# Triton TTS1400 Track saw



## Racer2007

Sounds like it is a pretty good saw and the price is not to bad either. 
I can't afford to Drink the Green Kool Aid either , plus I don't do Metric very well.


----------



## 01ntrain

Two questions:

Does it have a riving knife? If not, have you noticed a need for one?

Does the depth gauge allow for the thickness of the track, or do you have to add the thickness?

I, too, have an aversion to drinking the Green Kool-Aid. Triton looks right up my alley. It's cheaper than the Makita and has more options(i.e. soft-start, variable speed) and power than the Grizzly/ShopFox/Scheppach.


----------



## Nicky

I should have mentioned that the saw does not have a riving knife.
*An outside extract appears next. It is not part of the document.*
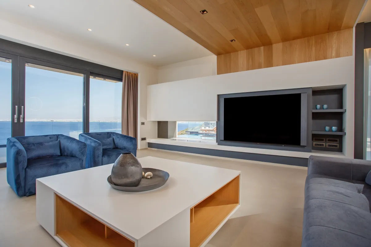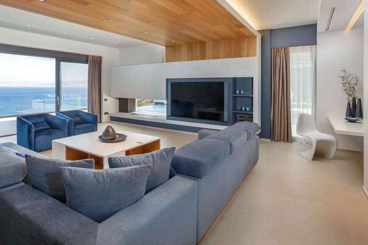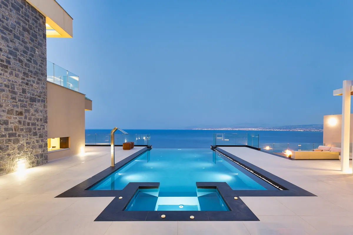Nestled in the heart of Crete, an exclusive holiday destination in Greece, is Villa Hyperion - a private luxury villa that offers visitors the opportunity to vacation in magnificent splendor on the coast. The exclusive villa rental provides an exquisite base from which to explore the diverse island or just relax in this enchanting part of northern Crete. Villa Hyperion can accommodate up to 14 guests in sumptuous grandeur. The private luxury villa has a trendy living area, comfortably furnished with two large leather sofas and a nesting coffee table, as well as a 65 "Samsung Smart TV, DVD player, and HD Satellite TV. There is also a fireplace, air conditioning, wine cellar, and guest bathroom available.The dining area is host to a large, olive wood table and 12 dining chairs, illuminated by two contemporary ceiling lamps. Villa Hyperion has an elegant, modern kitchen with a built-in oven and smooth electric stovetop, a microwave, and a Whirlpool stainless steel 4-door refrigerator with icemaker, as well as a Nespresso coffee machine, a juicer, and a kettle. Furthermore, there is a flat-screen TV, a kitchen bar with 4 chairs, and a hanging wine glass rack. Adjacent is a fully equipped kitchen extension with a Miele refrigerator and storage space. The luxury villa’s two master suites each boast a king-size bed with bedside cabinets, floor-to-ceiling balcony windows with beautiful sea views, and a large flat-screen TV. Each suite has a large wardrobe with a digital / card safe box. The en-suite bathrooms have double sinks, a Jacuzzi bathtub, and a shower. There are 3 bedrooms with twin / single beds pushed together, sharing balconies with the master bedrooms, and a bathroom with a shower (no bathtub). The last 2 bedrooms are similarly furnished but share an outdoor area, each with its own seating. They also have a bathroom with a shower but no bathtub. On the lower floor of the private villa, there is a gym space with a treadmill and home gym equipment including a weights system. Adjacent to this is a Hamam steam bath with a relaxation area, shower, and toilet. The immaculate outdoor area is home to a heated infinity pool (seawater) with an idyllic sea view, a relaxing Jacuzzi area, and a waterfall jet. The roofed terrace holds a monastery-style table that can seat up to 20 diners, and a room with ample storage space, indoor showers, and a toilet. A barbeque, wooden oven, wall fireplace, and worktop with sink are available for visitors. There are also sun-loungers and an open-air shower with hot and cold water for guests to enjoy. A path with steps leads down to the walking road, from where visitors can gain private access to the sea. The private luxury villa offers parking for up to 5 cars and guests will receive a welcome pack upon arrival. Escape to Villa Hyperion and let the splendor of a Crete luxury vacation gently wash over you! Important notice upon request: Heating of the pool - 350 euro / week.

The saw locks into the track, and I can't slide it backwards. I've made about 30 cuts with the saw, felt good and smooth. I use a few 2×4s (3' x 6' grid) with half laps that I assemble on 2 saw horses. Sheet goods are well supported. I've not used this free hand just yet, but will be on Sunday. I need to prepare some 4/4 cherry. I'll use the saw to cross cut and post a note on the results.

The scale is calibrated for use with the track.


----------



## bigben1

The scale for the triton track saw isn't calibrated right with track I have to put it on 7/8 to cut 3/4


----------